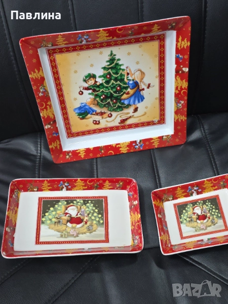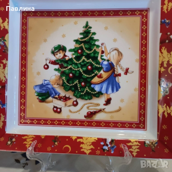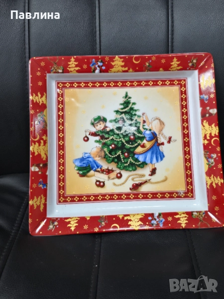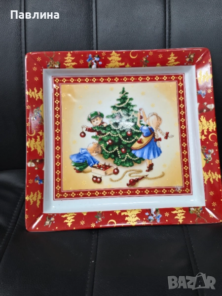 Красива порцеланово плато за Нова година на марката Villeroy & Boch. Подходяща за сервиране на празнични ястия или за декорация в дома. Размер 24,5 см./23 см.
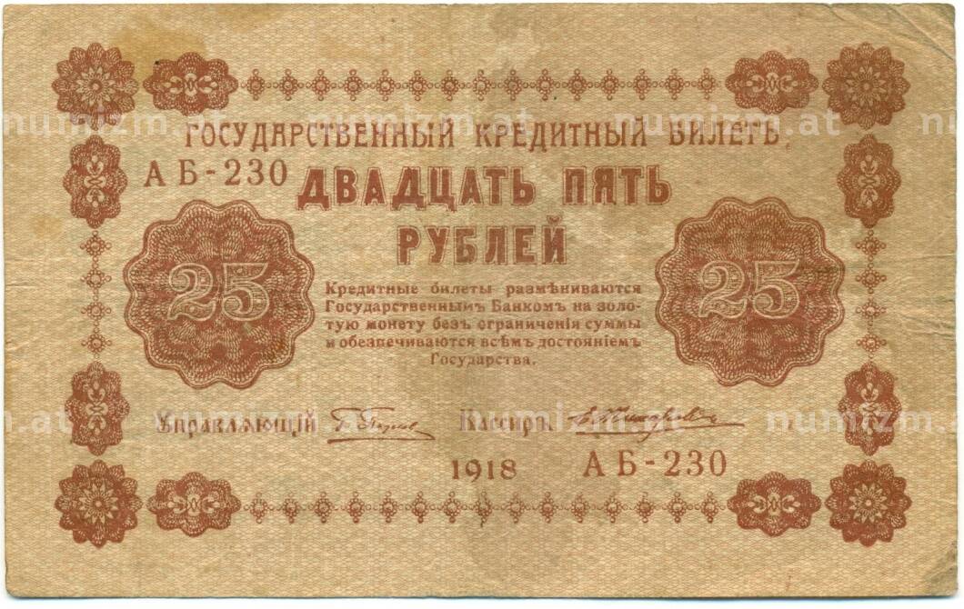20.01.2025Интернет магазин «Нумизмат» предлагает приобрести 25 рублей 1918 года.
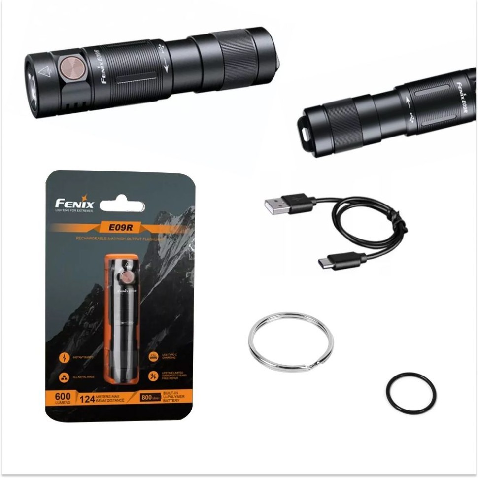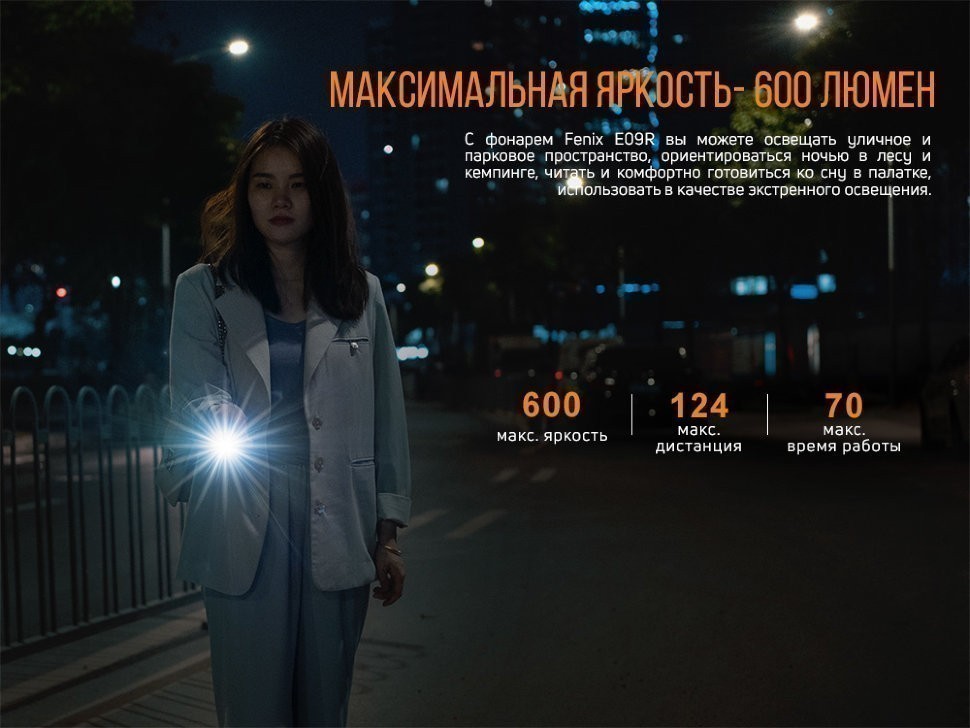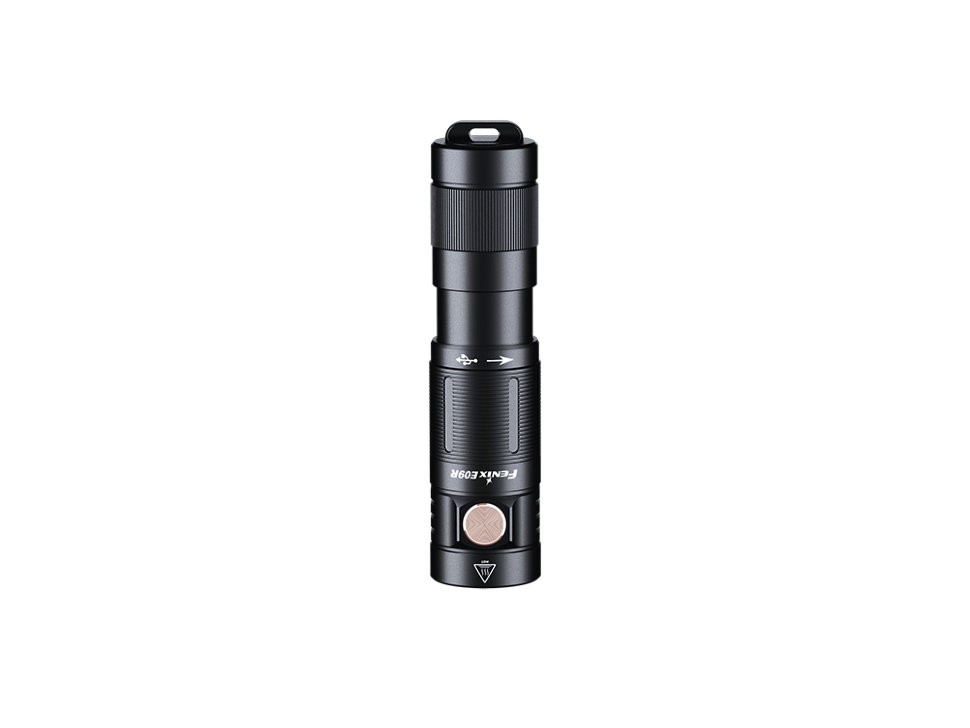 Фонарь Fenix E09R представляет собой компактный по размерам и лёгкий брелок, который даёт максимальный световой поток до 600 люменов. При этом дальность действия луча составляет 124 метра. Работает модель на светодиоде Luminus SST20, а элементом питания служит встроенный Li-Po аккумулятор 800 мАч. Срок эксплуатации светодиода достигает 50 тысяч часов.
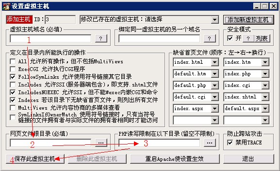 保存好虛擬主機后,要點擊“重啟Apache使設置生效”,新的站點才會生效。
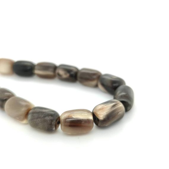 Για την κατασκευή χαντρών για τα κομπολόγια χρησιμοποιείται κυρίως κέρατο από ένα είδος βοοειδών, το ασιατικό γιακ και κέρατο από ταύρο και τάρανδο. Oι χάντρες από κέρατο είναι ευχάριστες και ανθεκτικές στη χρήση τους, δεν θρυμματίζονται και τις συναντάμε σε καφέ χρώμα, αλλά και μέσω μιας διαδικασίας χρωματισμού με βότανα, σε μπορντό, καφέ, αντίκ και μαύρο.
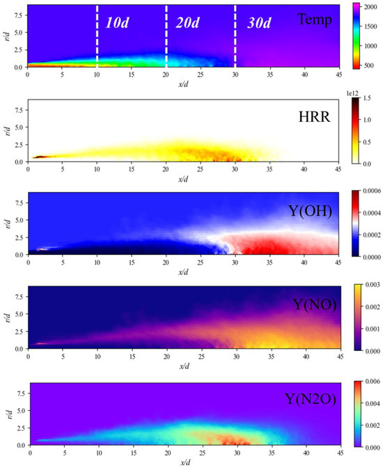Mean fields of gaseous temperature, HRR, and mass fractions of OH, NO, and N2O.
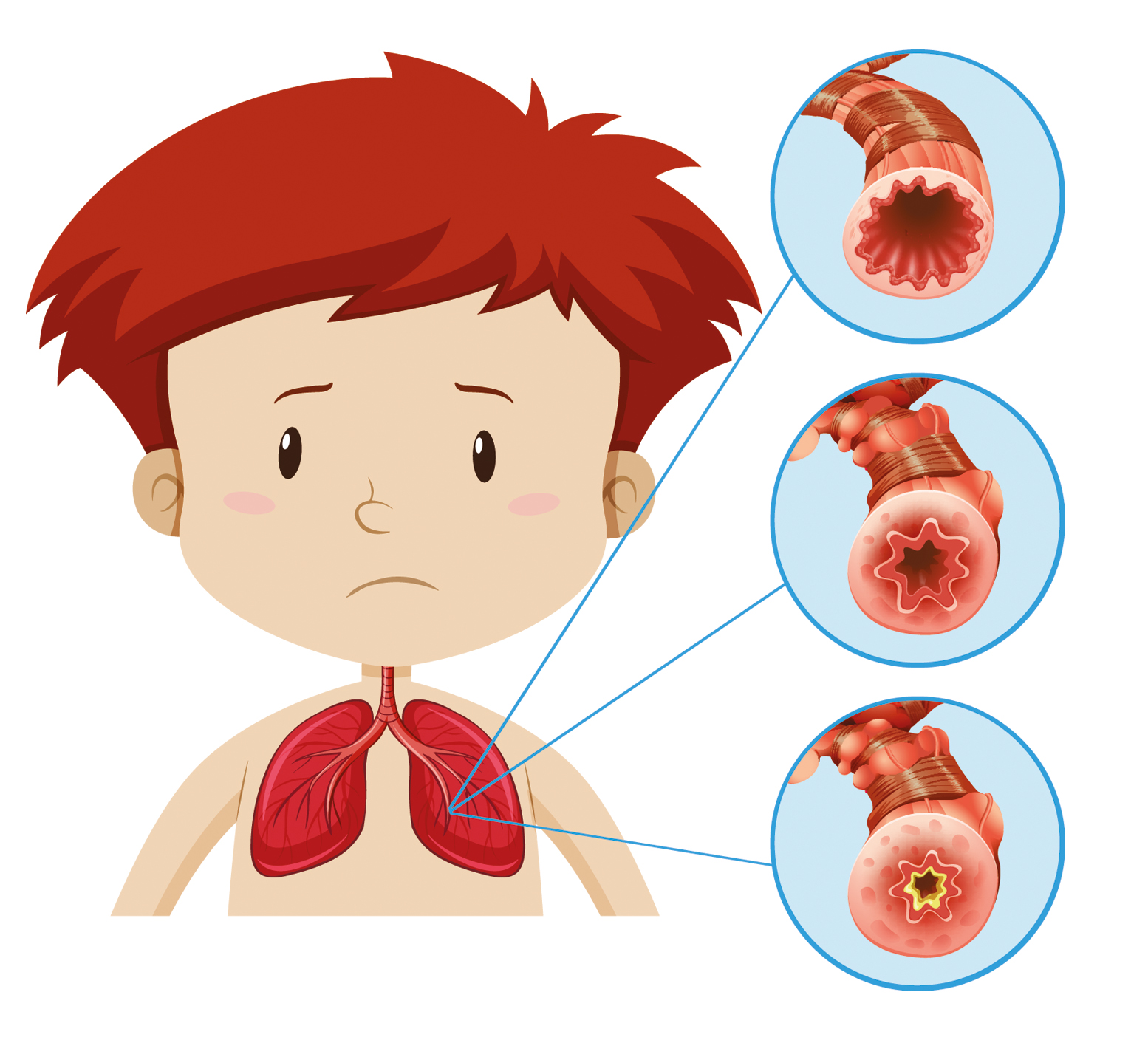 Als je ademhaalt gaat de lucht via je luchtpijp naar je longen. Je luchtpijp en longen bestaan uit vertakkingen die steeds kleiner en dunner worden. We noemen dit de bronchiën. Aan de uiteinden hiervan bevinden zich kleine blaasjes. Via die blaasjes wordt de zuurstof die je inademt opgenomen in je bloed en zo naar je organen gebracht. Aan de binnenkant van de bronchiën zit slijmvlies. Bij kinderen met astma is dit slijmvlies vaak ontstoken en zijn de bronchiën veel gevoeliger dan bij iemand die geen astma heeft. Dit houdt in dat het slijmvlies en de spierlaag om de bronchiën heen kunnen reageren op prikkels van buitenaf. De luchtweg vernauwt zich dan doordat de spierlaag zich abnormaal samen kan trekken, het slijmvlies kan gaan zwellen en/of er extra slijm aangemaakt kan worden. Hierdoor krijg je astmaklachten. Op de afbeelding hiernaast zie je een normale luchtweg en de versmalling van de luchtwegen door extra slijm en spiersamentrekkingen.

+ + +

▶ _DESCRIPTION OF THE TASK_:
Return every line above word for word, minus images.

▶ _OUTPUT_:
 Красива порцеланово плато за Нова година на марката Villeroy & Boch. Подходяща за сервиране на празнични ястия или за декорация в дома. Размер 24,5 см./23 см.
20.01.2025Интернет магазин «Нумизмат» предлагает приобрести 25 рублей 1918 года.
 Фонарь Fenix E09R представляет собой компактный по размерам и лёгкий брелок, который даёт максимальный световой поток до 600 люменов. При этом дальность действия луча составляет 124 метра. Работает модель на светодиоде Luminus SST20, а элементом питания служит встроенный Li-Po аккумулятор 800 мАч. Срок эксплуатации светодиода достигает 50 тысяч часов.
 保存好虛擬主機后,要點擊“重啟Apache使設置生效”,新的站點才會生效。
 Για την κατασκευή χαντρών για τα κομπολόγια χρησιμοποιείται κυρίως κέρατο από ένα είδος βοοειδών, το ασιατικό γιακ και κέρατο από ταύρο και τάρανδο. Oι χάντρες από κέρατο είναι ευχάριστες και ανθεκτικές στη χρήση τους, δεν θρυμματίζονται και τις συναντάμε σε καφέ χρώμα, αλλά και μέσω μιας διαδικασίας χρωματισμού με βότανα, σε μπορντό, καφέ, αντίκ και μαύρο.
Mean fields of gaseous temperature, HRR, and mass fractions of OH, NO, and N2O.
 Als je ademhaalt gaat de lucht via je luchtpijp naar je longen. Je luchtpijp en longen bestaan uit vertakkingen die steeds kleiner en dunner worden. We noemen dit de bronchiën. Aan de uiteinden hiervan bevinden zich kleine blaasjes. Via die blaasjes wordt de zuurstof die je inademt opgenomen in je bloed en zo naar je organen gebracht. Aan de binnenkant van de bronchiën zit slijmvlies. Bij kinderen met astma is dit slijmvlies vaak ontstoken en zijn de bronchiën veel gevoeliger dan bij iemand die geen astma heeft. Dit houdt in dat het slijmvlies en de spierlaag om de bronchiën heen kunnen reageren op prikkels van buitenaf. De luchtweg vernauwt zich dan doordat de spierlaag zich abnormaal samen kan trekken, het slijmvlies kan gaan zwellen en/of er extra slijm aangemaakt kan worden. Hierdoor krijg je astmaklachten. Op de afbeelding hiernaast zie je een normale luchtweg en de versmalling van de luchtwegen door extra slijm en spiersamentrekkingen.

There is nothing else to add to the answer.